59 million workers, 10 major occupation groups
ILO ILOSTAT (CC BY 4.0) tracks Mexican employment using ISCO-08 major occupation group classifications. The 2025 data covers 59 million workers across 10 groups - from armed forces through managers, professionals, technicians, clerical workers, service workers, agricultural workers, trades workers, plant operators, and elementary occupations. Mexico's INEGI (Instituto Nacional de Estadistica y Geografia) publishes quarterly employment surveys that feed into the ILO data, making it one of the better-documented labour markets in Latin America.
The headline number - 59 million workers - understates the complexity. The formal-informal divide cuts across every occupation group. A formal-sector accountant at a multinational in Mexico City and an informal bookkeeper for a family business in Oaxaca both fall in the "clerical support workers" category, but they face entirely different AI disruption pathways. Understanding Mexico's workforce means holding this duality in mind throughout.
The most AI-exposed jobs in Mexico
Mexico's highest AI exposure group is clerical support workers at 8.5/10, covering 3.7 million workers. This group spans the full range of office and administrative roles - data entry operators, accounting clerks, administrative assistants, customer service representatives, and receptionists. In Mexico's formal economy, these roles are concentrated in banking, telecoms, insurance, retail chains, and the public sector.
Mexico's banking sector has been one of the first to deploy AI in clerical functions. BBVA Mexico, Citibanamex, Banorte, and Santander Mexico have all invested in AI-powered document processing, customer query automation, and back-office automation over the past three years. These are not experiments - they are operational systems that have already reduced headcount in specific clerical functions. BBVA Mexico's own published reports have referenced efficiency gains from AI in processing and compliance workflows.
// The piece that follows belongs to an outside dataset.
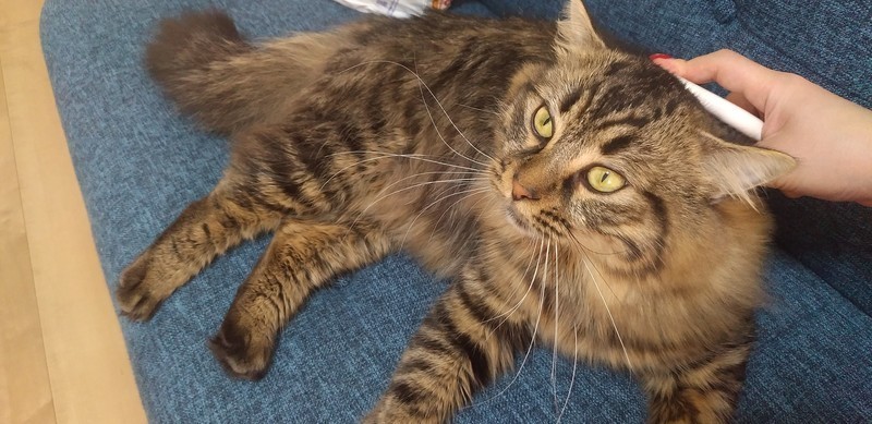 | 特徴(性格など) | サイベリアンの男の子です。 性格は甘えたチャンですぐによってきてくれます。 壁への爪とぎしない賢い子です。 |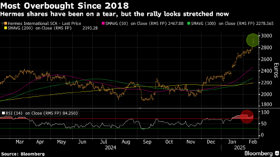 欧洲股市今年已上涨9%,跑赢美股,不过该基准指数目前处于所谓的超买区域,使得进一步上涨的前景更具挑战性。交易员也在密切关注与美国可能的贸易紧张局势。

Professionals score 6.5/10, covering 6.2 million workers - a group that has grown significantly as Mexico's technology and services exports have expanded. Mexico now has a substantial software development sector centred on Guadalajara (nicknamed the "Silicon Valley of Mexico"), Monterrey, and Mexico City. These developers, analysts, and knowledge workers face the same AI augmentation dynamic as their counterparts in the US and Europe: AI tools increase individual productivity, compress the number of junior roles needed, and change the skills that command a premium.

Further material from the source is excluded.